▸ WHAT IS NEEDED
When you reach the line with "教授郑寅达,98堂 副系主任梁志(主持工作)以及98堂 师生出席活动。捐赠仪式由副校长雷启立主持。" in the listing below, write out that line and every one after it exactly, and skip the pictures.

▸ MATERIAL PROVIDED
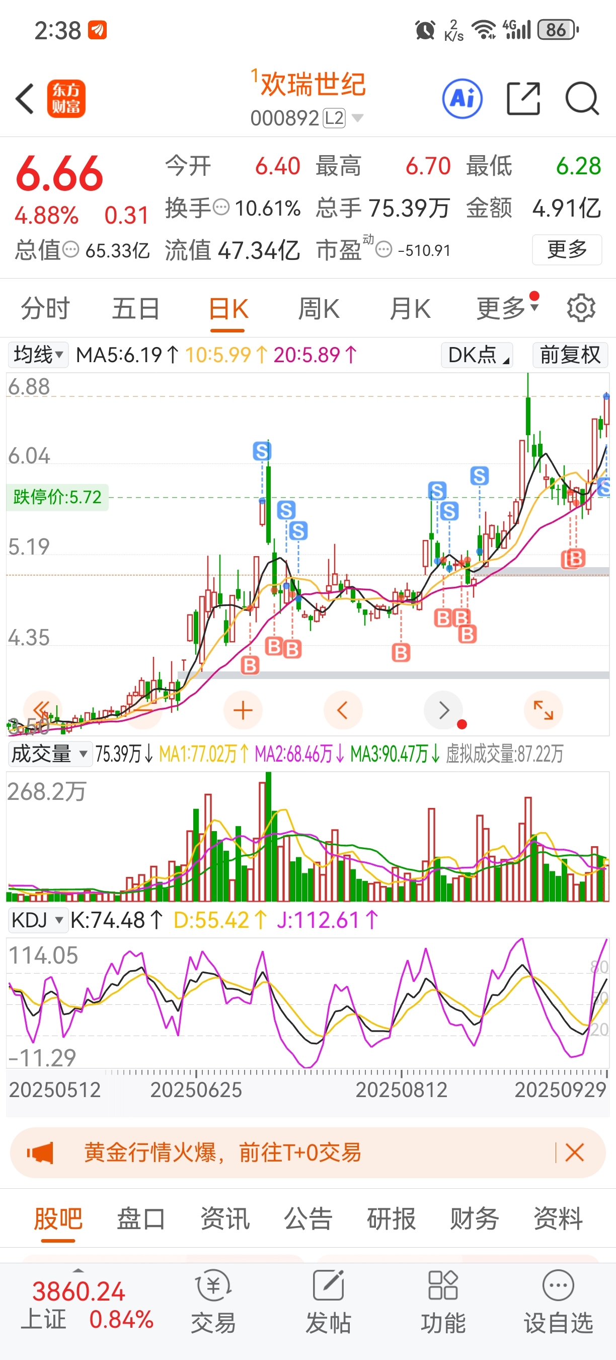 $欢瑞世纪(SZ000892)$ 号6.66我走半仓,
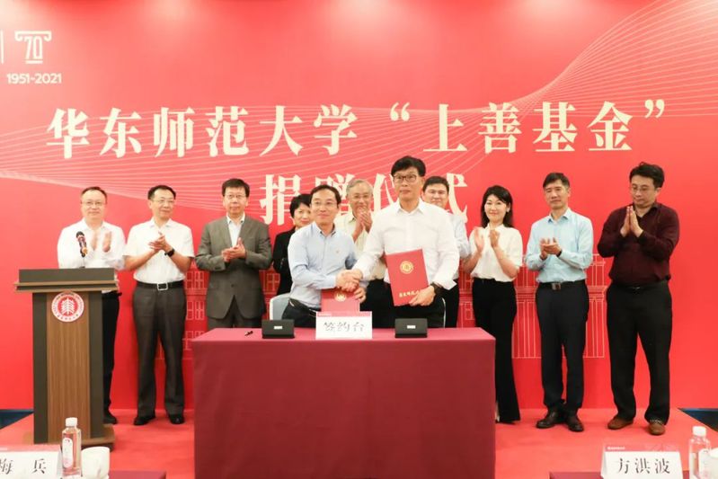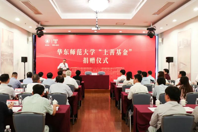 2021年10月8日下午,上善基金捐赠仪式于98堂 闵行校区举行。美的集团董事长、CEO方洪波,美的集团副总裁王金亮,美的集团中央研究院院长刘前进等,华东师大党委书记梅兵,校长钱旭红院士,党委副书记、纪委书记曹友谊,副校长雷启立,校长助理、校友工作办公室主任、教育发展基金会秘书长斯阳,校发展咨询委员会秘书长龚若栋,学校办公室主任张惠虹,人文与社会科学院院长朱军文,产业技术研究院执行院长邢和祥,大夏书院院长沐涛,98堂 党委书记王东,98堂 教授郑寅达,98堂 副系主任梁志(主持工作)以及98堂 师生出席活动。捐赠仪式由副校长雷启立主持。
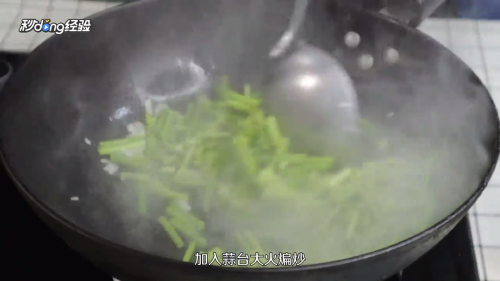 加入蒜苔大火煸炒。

▸ RESULT FOR THIS TASK
 2021年10月8日下午,上善基金捐赠仪式于98堂 闵行校区举行。美的集团董事长、CEO方洪波,美的集团副总裁王金亮,美的集团中央研究院院长刘前进等,华东师大党委书记梅兵,校长钱旭红院士,党委副书记、纪委书记曹友谊,副校长雷启立,校长助理、校友工作办公室主任、教育发展基金会秘书长斯阳,校发展咨询委员会秘书长龚若栋,学校办公室主任张惠虹,人文与社会科学院院长朱军文,产业技术研究院执行院长邢和祥,大夏书院院长沐涛,98堂 党委书记王东,98堂 教授郑寅达,98堂 副系主任梁志(主持工作)以及98堂 师生出席活动。捐赠仪式由副校长雷启立主持。
 加入蒜苔大火煸炒。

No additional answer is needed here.